I was the picture of calm. Whatever she's telling me can't be that bad, right? Maybe we don't have enough money to buy winter clothes. That would suck, but I'd deal. I'll just borrow from anyone else. Of course, the chances of someone living in Carmel having winter clothes are pretty slim…but I will find a way. I am resourceful. So there.

Or maybe, you know, she was worried that my skin was so horrifically untanned that I'd get lost in the snow. Like a naked CeeCee, or something.

'I'm not going with you in this trip.'

….Oh.

What?

'You're not going,' I said tonelessly.

Hang on – WHAT?

'WHY are you not coming!' I demanded. 'If you're not going, I'm not going. ANDY, AND THE BOYS? Do youKNOW how much testosterone that is?'

There goes my state of calm.

My bad.

Andy grimaced, Dopey stared at me with his mouth open in shock (giving us a nice glimpse of half-chewed beef) that's sure not the stuff that dreams are made of. Sleepy looked bored while Doc almost shielded himself against my wrath.

Yes, for no one can face Suze's Wrath. They are strong, destructive and can happen in the blink of an eye. It is my ultimate weapon. Besides my ass-kicking abilities.

Did I mention Doc having testosterone?

. . . We might get the lab to double check that.

Wait, why am I rambling? Mom is not coming on this trip! It's an outrage! I SHOULD SUE.

Mom sighed. 'Calm down, Suze. It's not that I don't want to go. Believe me, I do. But I just got the news from WCAL that I have an assignment to Washington, to report on a news piece there.

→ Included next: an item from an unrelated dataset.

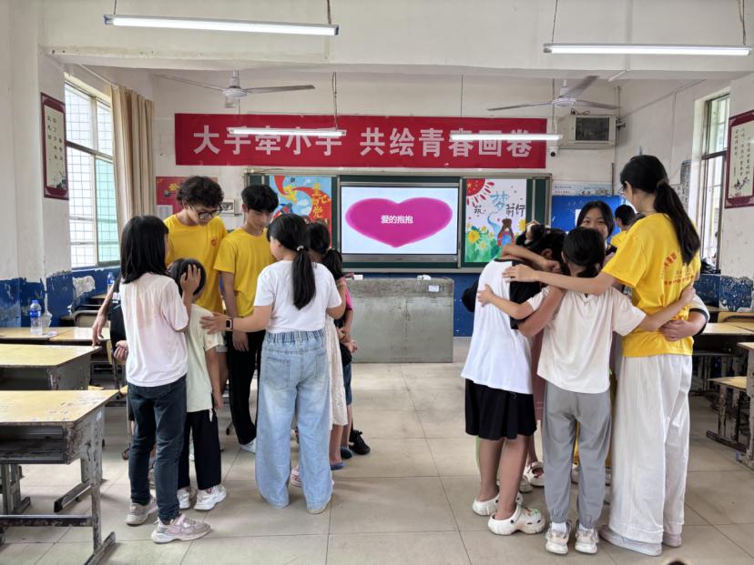 开班伊始,为融化初识的薄冰,实践团成员李琦便精心组织孩子们投入一系列妙趣横生的破冰游戏。在“趣味自我介绍”环节,孩子们不再只简单报上名字,而是在实践团成员的鼓励下,用喜欢的颜色、动物甚至一个有趣的动作来描绘自己。童言稚语间,一张张陌生的小脸开始绽放出独特的个性光彩;在“爱的抱抱”环节,随着指令变换,教室内孩子们笑着、跑着,寻找伙伴完成任务指令。羞涩在奔跑中消散,肢体接触传递着最初的友善与接纳,简单的拥抱成为打破距离感最直接的魔法;在“你写我猜”环节,孩子们分组协作,在背后用手指画出汉字的一撇一捺,揭晓答案后的恍然大悟与回答正确的欢呼交织在一起,团队合作的默契悄然萌芽。轻松愉快的互动瞬间消融了初识的拘谨,为彼此的了解与情感的升温搭建了坚实的桥梁。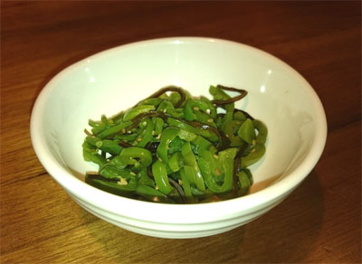 逗子にある自然食品の店、「陰陽洞」さんで教わった、簡単で美味しいピーマン料理を作ってみました。料理、といってよいのかどうか・・・という簡単さ。でも手抜きだとは思われない味わい深さ。忙しいお母様たちにはピッタリなクイックメニュー! ピーマン好きなお子様も大喜びです。 ピーマンを千切りにして、2~3分湯がく。水を切って塩コンブと和えるだけ。 ピーマンの素材と、塩コンブの自然な旨みが命ですから、このメニューの食材は陰陽洞さんで。 ウチの子(ピーマン好き6歳7カ月)は、一人でほとんど食べ尽くす勢いでした。 でも、ピーマン嫌いな子にはちょっと難しいかも。ピーマンの味はしますから。。。。 |

I would have refused, except that it is really important. And I think an opportunity like this doesn't come around too often. It could advance my career. Carmel isn't exactly overly populated.' She looked at me with what she thought to be understanding eyes.

All I see was betrayal.

BLOOD TRAITOR. BAH! EAT SLUGS!

How could she expect me to go with them when she's not coming? I'd rather stay at home than spend time in a strange place with Neanderthals. Not that Andy is one. Or Doc. Even Sleepy. But Dopey definitely is. With the wrestling and the grabbing-of-fellow-male's-inner-thigh-by-the-way-ewwwww. And since they're all males, that automatically say that they're equals. Hence, all being Neanderthals.

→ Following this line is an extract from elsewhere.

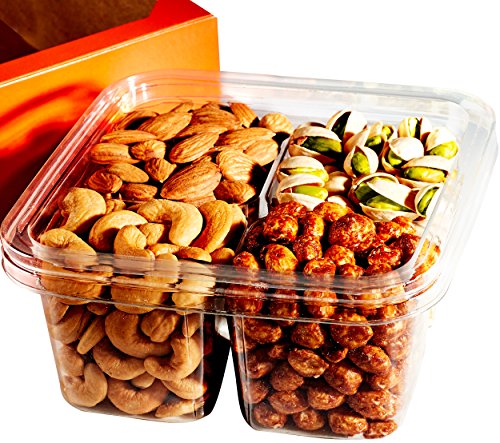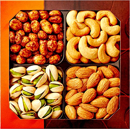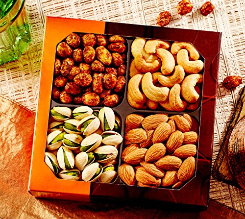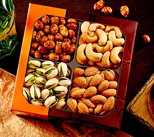 - ✔ 4 DIFFERENT HIGH-QUALITY NUTS -Our heart healthy gift basket has all the delicious and healthy nuts: Roasted Salted Pistachios, Cashews, Almonds & Sugar-Glazed Peanuts! Best on Amazon.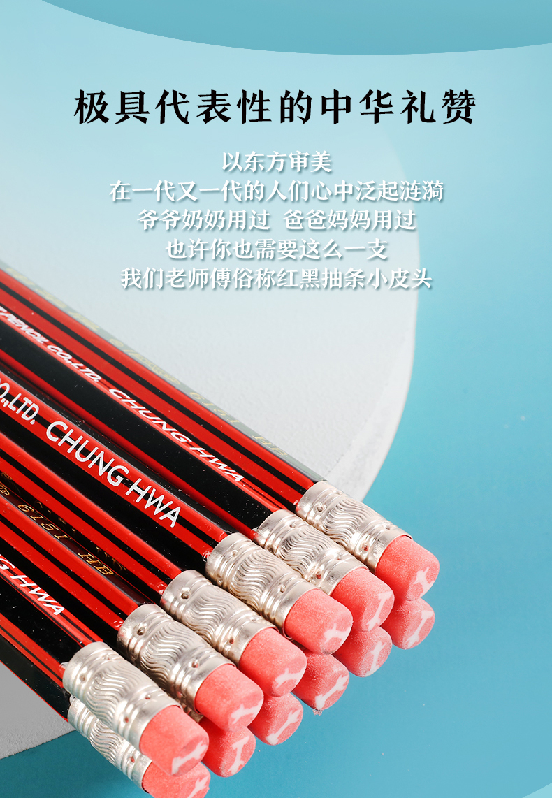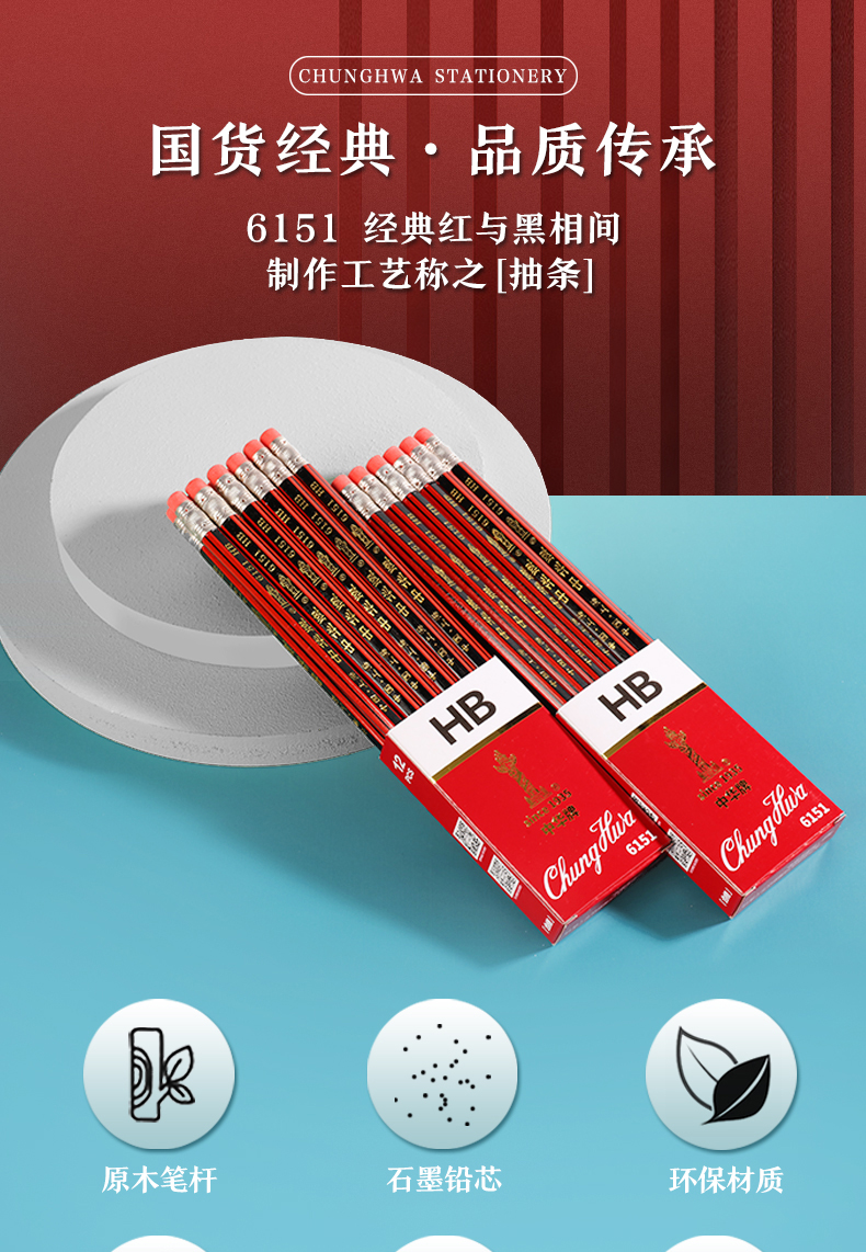 中华 经典红黑抽条学生办公书写HB铅笔六角 48支/盒 6151 HB

And that thing about 'advancing her career'? Blackmail. EMOTIONAL BLACKMAIL.

'Mom, you can't expect me to go with them. I mean, they're…guys. I'll be the only girl. That would be unfair. I'd rather stay at home.' I huffed.

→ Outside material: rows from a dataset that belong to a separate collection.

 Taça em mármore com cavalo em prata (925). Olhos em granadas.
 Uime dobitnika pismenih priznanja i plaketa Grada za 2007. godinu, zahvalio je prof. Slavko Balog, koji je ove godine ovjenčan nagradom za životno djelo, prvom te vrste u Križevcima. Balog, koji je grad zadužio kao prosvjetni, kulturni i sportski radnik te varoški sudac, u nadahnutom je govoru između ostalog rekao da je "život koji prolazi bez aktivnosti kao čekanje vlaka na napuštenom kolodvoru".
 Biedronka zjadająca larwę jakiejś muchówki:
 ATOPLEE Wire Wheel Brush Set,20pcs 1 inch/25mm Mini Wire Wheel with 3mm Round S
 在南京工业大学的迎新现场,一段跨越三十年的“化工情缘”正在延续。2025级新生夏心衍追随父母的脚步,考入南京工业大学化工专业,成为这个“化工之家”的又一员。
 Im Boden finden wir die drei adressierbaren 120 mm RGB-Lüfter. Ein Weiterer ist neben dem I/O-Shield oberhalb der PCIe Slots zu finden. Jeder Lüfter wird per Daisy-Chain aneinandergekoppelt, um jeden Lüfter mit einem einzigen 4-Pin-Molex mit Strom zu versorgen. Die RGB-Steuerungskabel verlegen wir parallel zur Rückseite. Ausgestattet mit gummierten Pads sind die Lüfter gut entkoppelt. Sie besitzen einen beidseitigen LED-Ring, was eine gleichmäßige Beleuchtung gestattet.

'That would be great.' Dopey cut in.

'Brad, watch it.' Andy shot Dopey a death stare, then looked at me. 'Suze, you wouldn't be the only girl. Since your mother couldn't come, we decided that you could bring a friend along with you.'

I raised my eyebrows, taken aback. Bring a friend? Hmm.

I brightened considerably. Well, a friend would be as good wouldn't it? Possibly even better. I mean, I couldn't gossip about boys with my mom, but I definitely could with a friend.

I smiled. 'That's cool! Can I ask Gina?' Then I felt guilty. Why did I immediately think of Gina? There's CeeCee. I could ask her. But instead I chose to ask Gina. My only excuse was that I rarely get to see Gina since I moved here. So we need some time to catch up. It doesn't mean that I like Gina more than CeeCee.

Dopey looked mad. 'Wait, how come she get to bring a friend and I don't? That's not fair! It's not like she has any friends –'

'Gina? She coming?' Now Sleepy looked intrigued. Oookay. Maybe it's not the best time to tell him that "G" had moved on from their so-called 'summer fling' and found herself a nice guy back home.

Nope. Better keep my mouth shut and save him the heartbreak. Although, how much heartbreak can a 'summer fling' bring?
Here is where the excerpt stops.